近年、特に高級感や洗練された雰囲気を重視する高齢者施設の中には「汚物処理室」の表記によって館内の全体イメージを損ねないよう、扉には施錠の上で無表記としたり、「ユーティリティールーム」など別の表記を採用しているところも増えてきた。
にんち【ニンチ】
近年、介護現場などで耳にすることが増えた認知症の「略語」。2004年、侮蔑的な意味のあった「呆け、痴呆症」を認知症と改めることとなったが、この「ニンチ」も「あの人最近ニンチが入っている」「ニンチ進んだね」という風に蔑称的なニュアンスで使われることが多いとされ、各所で問題提起がなされている。本ブログでは使用を控えたいコトバとしてあえて取り上げることとした。
そうてい‐きょじゅう‐きかん【想定居住期間】
一般的には、「入居者の概ね50%がその住まいに入居し続けることが予想される期間」として説明がなされているが、入居時に前払金を要するホームにおいては「償却期間」に相当。
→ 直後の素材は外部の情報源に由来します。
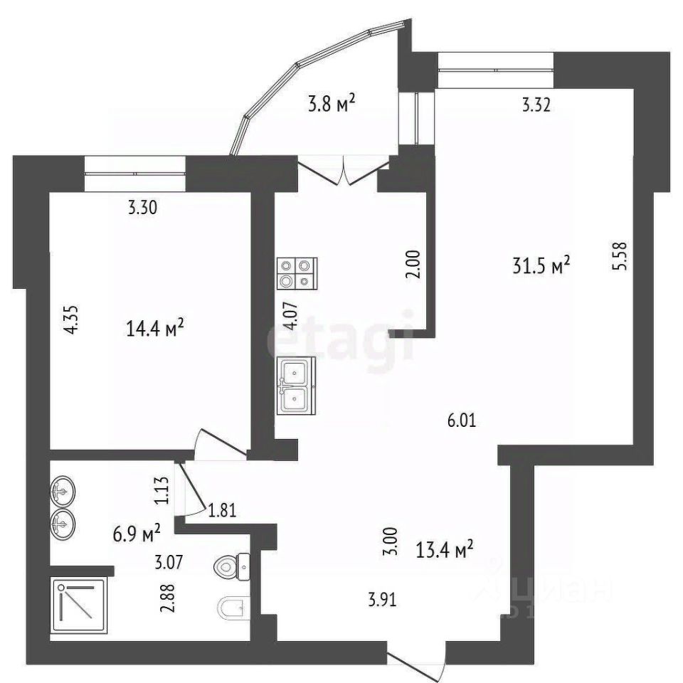 Общая площадь квартиры составляет 66,2 кв. метра, расположена на 3-м этаже.

入居時に支払った前払金は、この想定居住期間内の退去であれば、ホームの定めた計算式により返還金が発生することとなる。
なおホームによっては入居時の年齢ごとに想定居住期間(=前払金の償却期間)を変えているところもあり、高齢になるほど短く設定されているが、例えば「入居時満年齢90歳以上(想定居住期間4年)」という表記を見た90代の入居検討者が、「あなたの寿命はだいたい4年くらいです」と言われているような不愉快な気持ちにならないものかと懸念する声も一部で見られる。